DATA SHOWN:

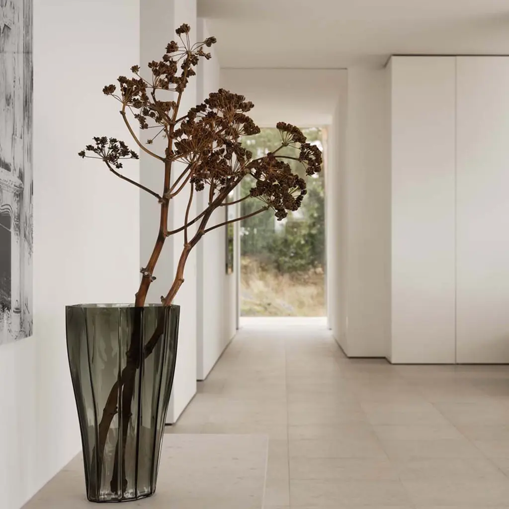 With Reed, Swedish designer Monica Förster shows how to create a sense of organic movement by emphasizing folds. A quiet sway in the solid, clear glass. The low Reed vase is well-suited for tulips. The medium-size Reed is suitable for hand-picked florals and cut flowers.
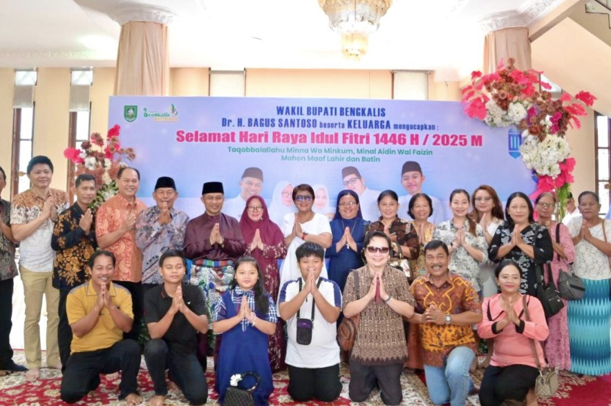 BENGKALIS, TNN – Momentum Hari lebaran umat muslim menjadi hari yang penuh kebahagian dan kehangatan dalam balutan silaturahmi persaudaraan. Begitulah yang turut dirasakan dikediaman Wakil Bupati Bengkalis Bagus Santoso pada lebaran pertama 1446 Hijriah, Senin, 31 Maret 2025.
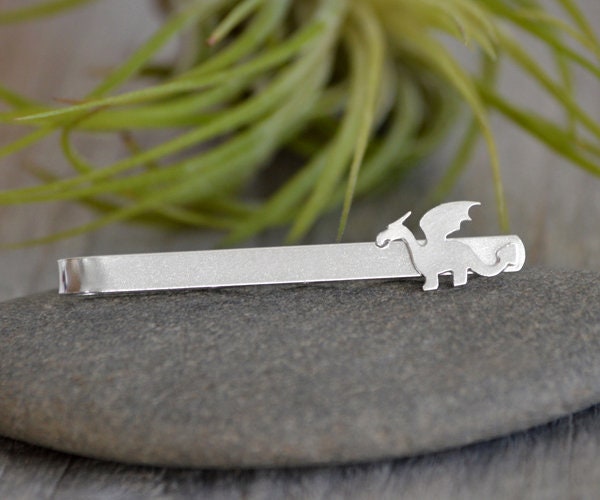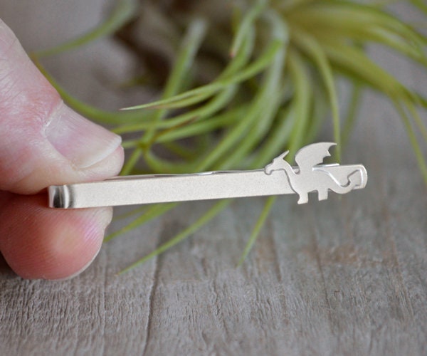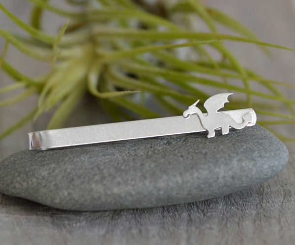 Dragon Tie Clip in Solid Sterling Silver, Personalized Tie Clip, Silver Dragon Tie Slide

TASK BRIEF: The preceding listing must be repeated exactly, with all images dropped.

WRITTEN REPLY:
 With Reed, Swedish designer Monica Förster shows how to create a sense of organic movement by emphasizing folds. A quiet sway in the solid, clear glass. The low Reed vase is well-suited for tulips. The medium-size Reed is suitable for hand-picked florals and cut flowers.
 BENGKALIS, TNN – Momentum Hari lebaran umat muslim menjadi hari yang penuh kebahagian dan kehangatan dalam balutan silaturahmi persaudaraan. Begitulah yang turut dirasakan dikediaman Wakil Bupati Bengkalis Bagus Santoso pada lebaran pertama 1446 Hijriah, Senin, 31 Maret 2025.
 Dragon Tie Clip in Solid Sterling Silver, Personalized Tie Clip, Silver Dragon Tie Slide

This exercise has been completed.